I am analysing CPU useage on a large network. In order to do that, I was provided with a large excel sheet. It contains batchID (means we dedicate a CPU to run that task) startTime, endTime (means we know the CPU is fully occupied during this time).
Based on this data, I need to understand how many batches are running at a particular instance. Therefore, I will use a chat with x-axis been the time and y-axis been the count of batches running at each time instance.
The whole file is over 15000 rows over two days's data. Here is a fraction of it.
BATCHID startTime endTime
560062 13/10/2011 11:59:23 13/10/2011 11:59:26
560061 13/10/2011 08:59:18 13/10/2011 08:59:21
560060 13/10/2011 05:59:21 13/10/2011 05:59:30
560059 13/10/2011 02:59:34 13/10/2011 02:59:43
560058 13/10/2011 01:57:24 13/10/2011 01:57:29
560057 13/10/2011 01:57:24 13/10/2011 01:57:28
560056 12/10/2011 23:59:19 12/10/2011 23:59:28
560055 12/10/2011 20:59:21 12/10/2011 20:59:30
560054 12/10/2011 18:02:13 12/10/2011 18:02:22
560053 12/10/2011 18:02:13 12/10/2011 18:02:21
560052 12/10/2011 18:02:12 12/10/2011 18:02:21
560051 12/10/2011 18:02:07 12/10/2011 18:02:16
560050 12/10/2011 18:02:03 12/10/2011 18:02:11
560049 12/10/2011 18:02:10 12/10/2011 18:02:19
560048 12/10/2011 18:02:11 12/10/2011 18:02:16
560047 12/10/2011 18:02:09 12/10/2011 18:02:13
560046 12/10/2011 18:02:04 12/10/2011 18:02:13
560045 12/10/2011 18:02:12 12/10/2011 18:02:21
Requirment:
- We need array to contain the time slice data. This could be every 1 minuts or 5 minuts. If we need to analyse two days for every 1 minuts interval, we could then need 2880 data points for the x-axis.
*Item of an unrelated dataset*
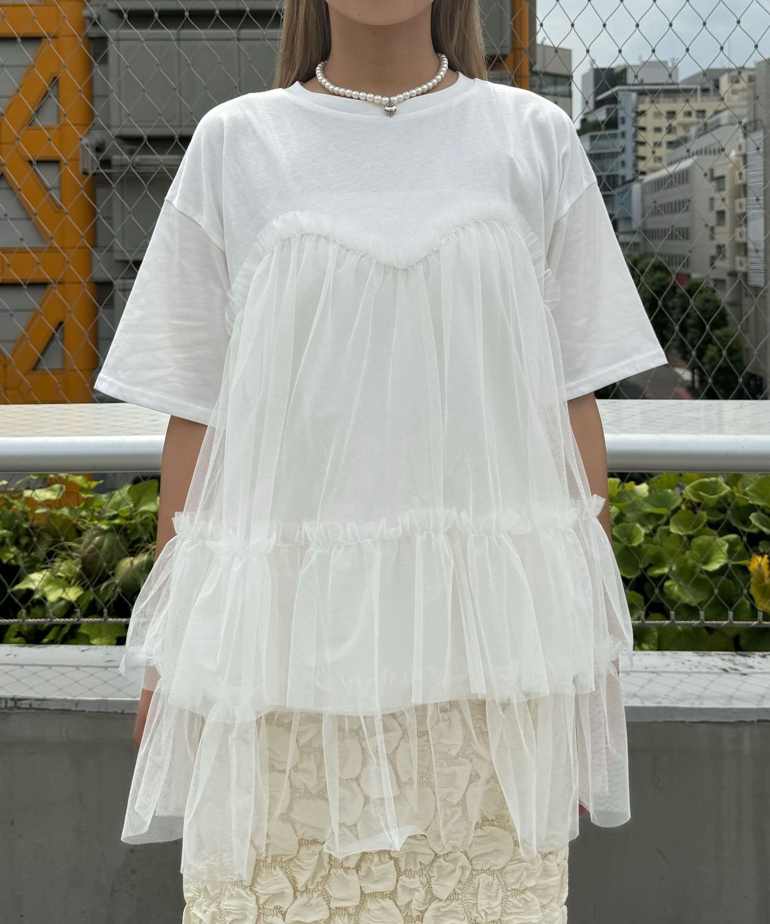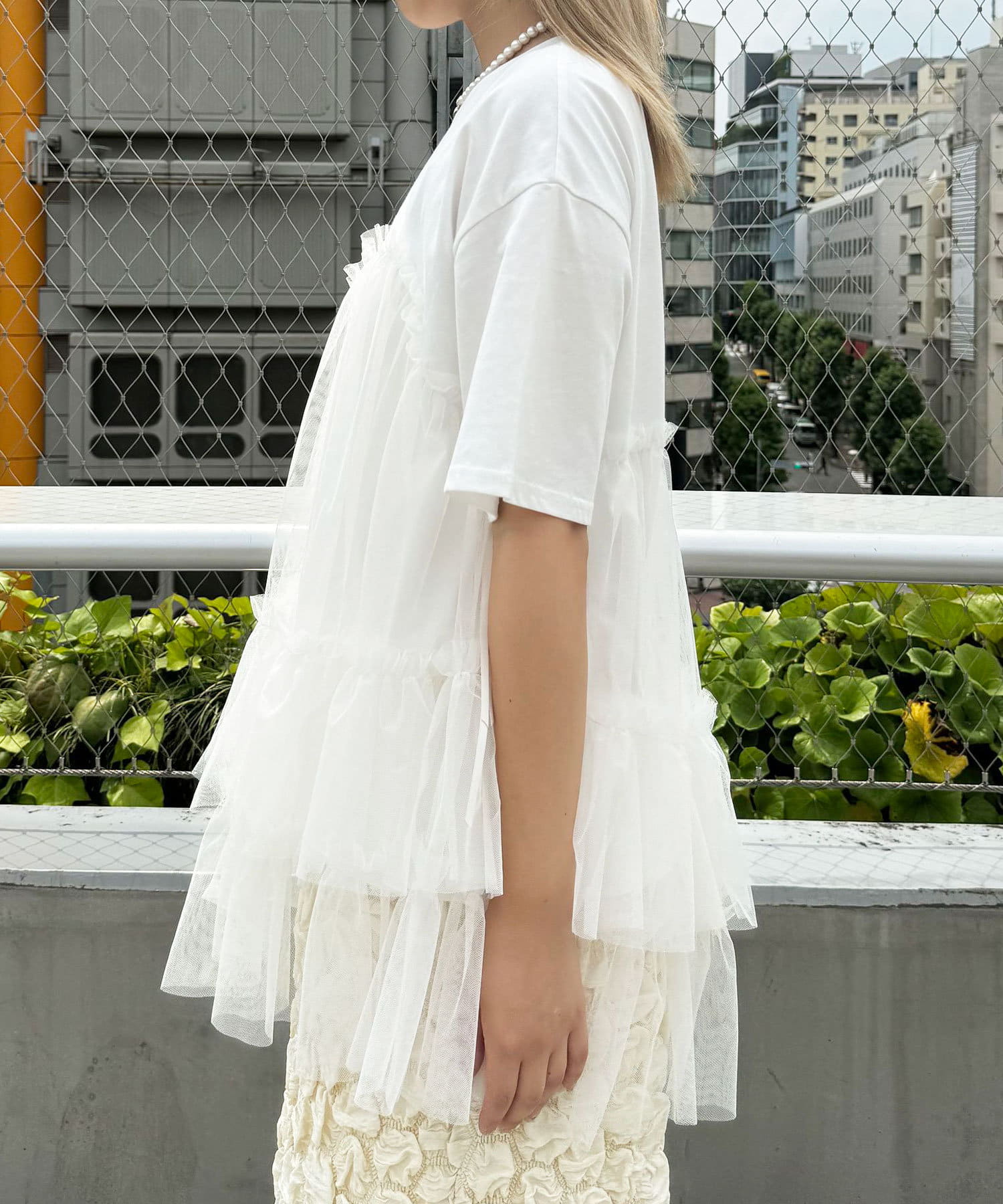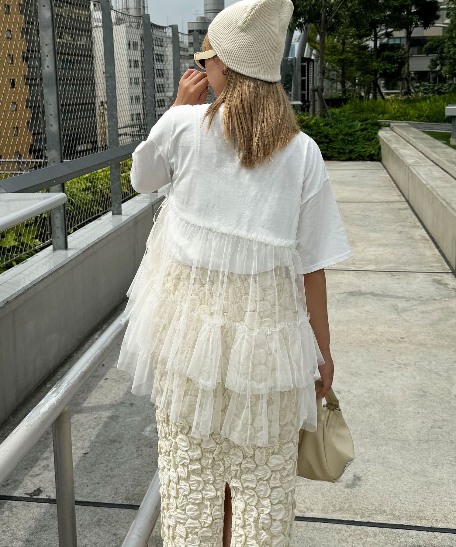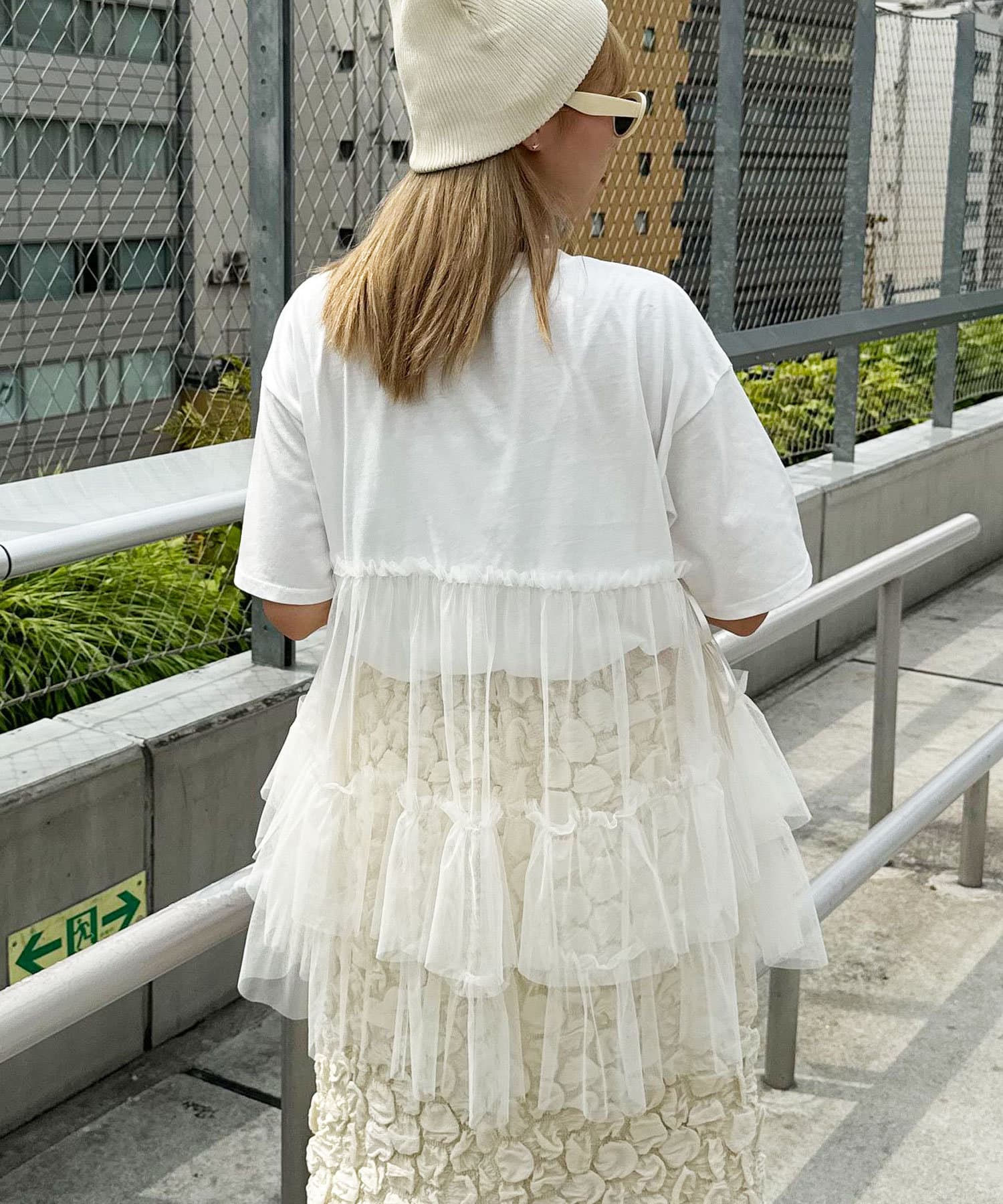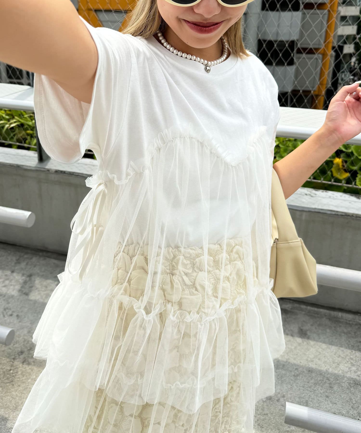 チュール素材がエアリーで女性らしさを演出してくれます。

- Because at any instance there are could be many jobs running. We'll need to device a mechnism to count number of running batches at that time slice.
I suspect Excel 2003 can do a good job as the number of columns is limited to 256.
I'm welcoming any advise on how to permoer this task efficiently in Octave/MATLAB, ORACLE PL/SQL, R or Bash Script.